* **Problem statement**
Find the line with "オータムドレス ミニマリストコーデュロイウェストスリム 秋物" in the entries below, then output every line from it down to the line with "Samples in liquids-focused", exactly and with no pictures.

* **Entries supplied**
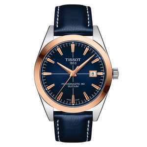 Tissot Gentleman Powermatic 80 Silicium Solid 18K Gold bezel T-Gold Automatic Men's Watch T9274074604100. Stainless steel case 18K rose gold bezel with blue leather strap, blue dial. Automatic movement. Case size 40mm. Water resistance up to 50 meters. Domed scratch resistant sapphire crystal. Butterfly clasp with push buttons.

---

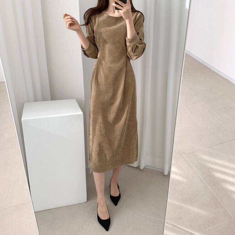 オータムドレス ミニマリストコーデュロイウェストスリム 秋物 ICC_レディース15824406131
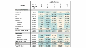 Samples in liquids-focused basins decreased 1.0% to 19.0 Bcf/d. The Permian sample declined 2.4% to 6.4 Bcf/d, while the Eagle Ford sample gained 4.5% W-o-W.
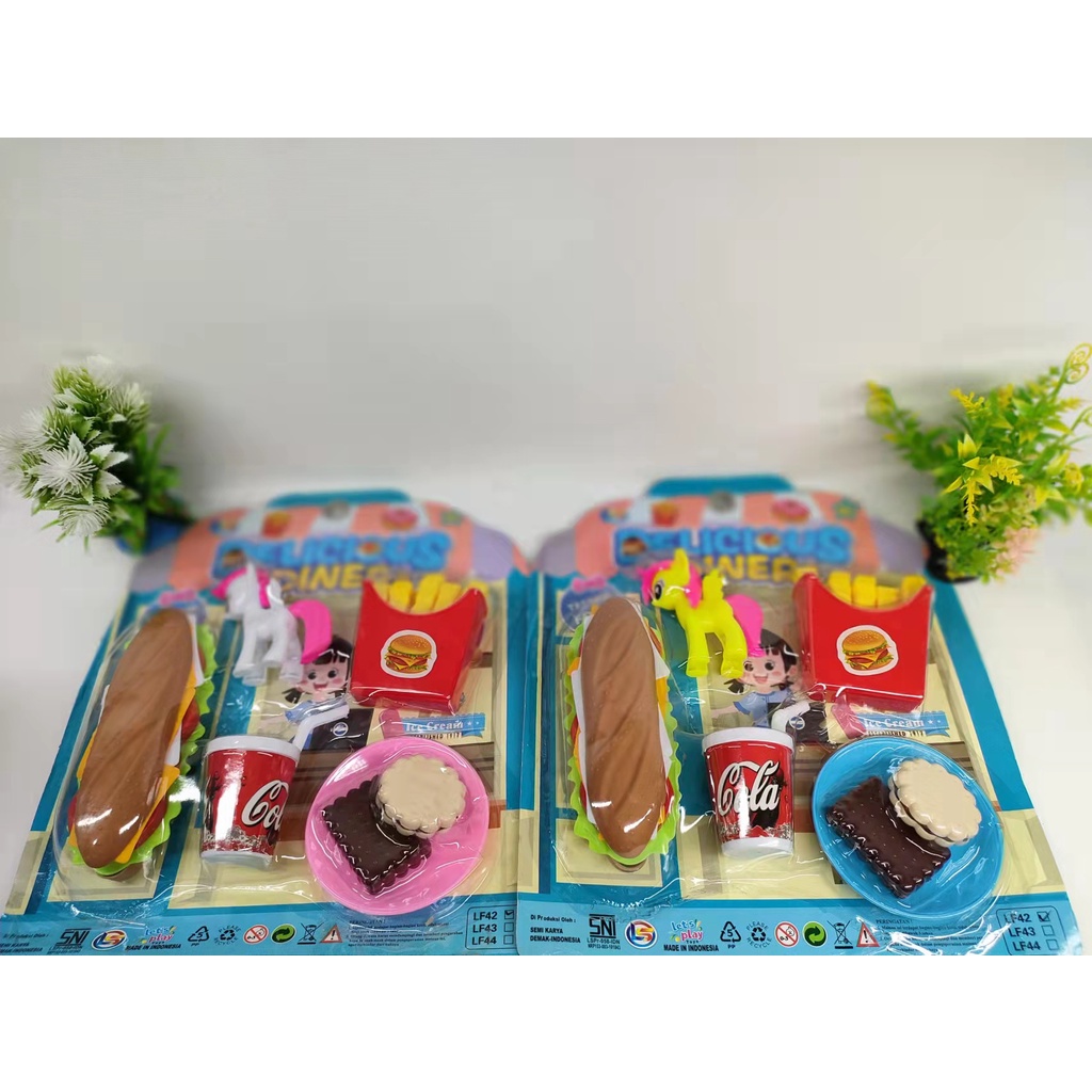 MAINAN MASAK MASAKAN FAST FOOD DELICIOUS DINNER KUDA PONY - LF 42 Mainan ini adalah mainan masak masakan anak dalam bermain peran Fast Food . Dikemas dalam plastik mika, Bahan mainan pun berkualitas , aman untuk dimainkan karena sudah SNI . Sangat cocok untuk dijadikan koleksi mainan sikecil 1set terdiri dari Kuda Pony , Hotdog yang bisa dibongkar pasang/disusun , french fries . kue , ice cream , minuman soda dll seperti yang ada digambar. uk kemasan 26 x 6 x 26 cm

...

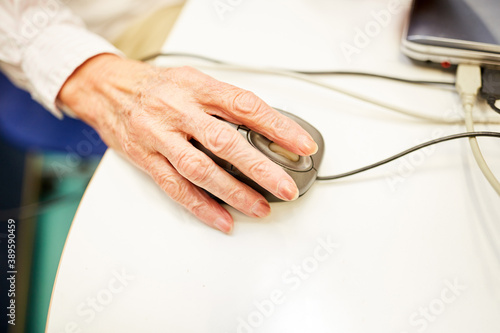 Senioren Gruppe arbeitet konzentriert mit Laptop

* **Response to the task**
 オータムドレス ミニマリストコーデュロイウェストスリム 秋物 ICC_レディース15824406131
 Samples in liquids-focused basins decreased 1.0% to 19.0 Bcf/d. The Permian sample declined 2.4% to 6.4 Bcf/d, while the Eagle Ford sample gained 4.5% W-o-W.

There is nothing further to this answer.